# Cheap NLS Products?



## Phantheman (Mar 4, 2012)

does anyone know a store around the GTA or online (preferably free shipping and close distance) that sells cheap or cheaper than normal nls foods?


----------



## Pius (Aug 5, 2011)

Not a store, but try contacting kkamm on pnaquaria.

link to his ad.

http://www.pnaquaria.com/deal/Markh...sts_at_great_prices_Always_in_sto-323930.html


----------



## vaporize (Apr 10, 2006)

Pius said:


> Not a store, but try contacting kkamm on pnaquaria.
> 
> link to his ad.
> 
> http://www.pnaquaria.com/deal/Markh...sts_at_great_prices_Always_in_sto-323930.html


John has it cheaper


----------



## jarmilca (Sep 10, 2009)

We have a large variety of NLS formulas for very good price (HST included) http://angelfins.ca/


----------



## vincel892 (May 23, 2012)

vaporize said:


> John has it cheaper


Who's John?

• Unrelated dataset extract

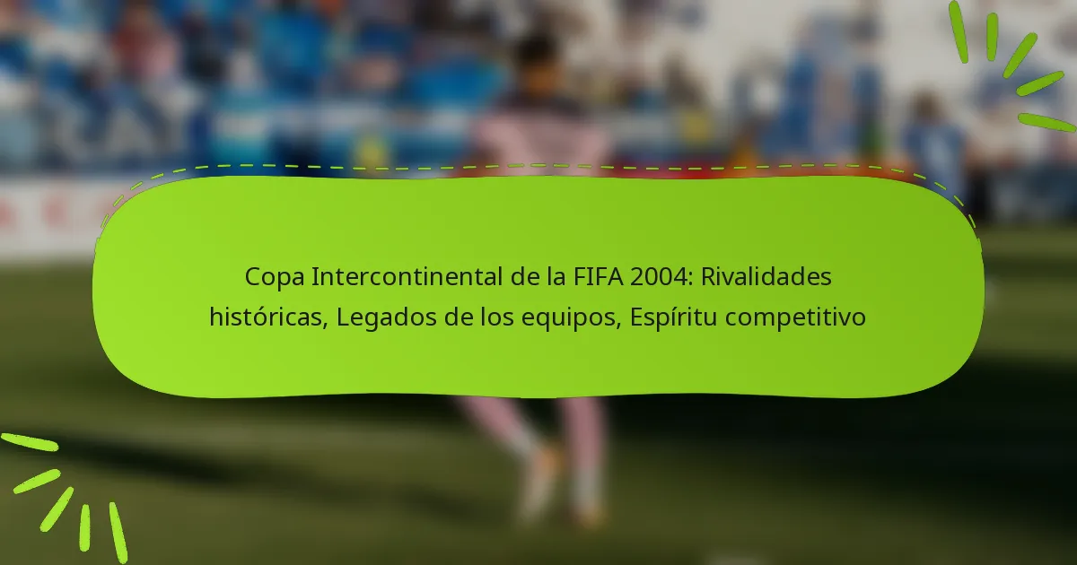 El espíritu competitivo de la Copa Intercontinental de la FIFA 2004 se caracterizó por intensas rivalidades, goles inolvidables y batallas tácticas que mostraron lo mejor del fútbol de clubes. Este torneo no solo destacó los legados de los equipos participantes, sino que también involucró a aficionados apasionados, creando momentos emocionales que resonaron mucho después de que concluyeron los partidos.

I tried contacting kkamm but he stopped replying.


----------



## vrodolfo (Apr 7, 2011)

I think they are talking about sugarglidder, he's on this forum and he carries NLS at a great price.



vincel892 said:


> Who's John? I tried contacting kkamm but he stopped replying.


----------



## vincel892 (May 23, 2012)

vrodolfo said:


> I think they are talking about sugarglidder, he's on this forum and he carries NLS at a great price.


Thanks a lot.


----------



## vrodolfo (Apr 7, 2011)

Vince,

I wouldn't PM him, he might not respond...he uses a different email address for orders, here's one:

[email protected]

I guess the other method would be to email him directly (not PM).


----------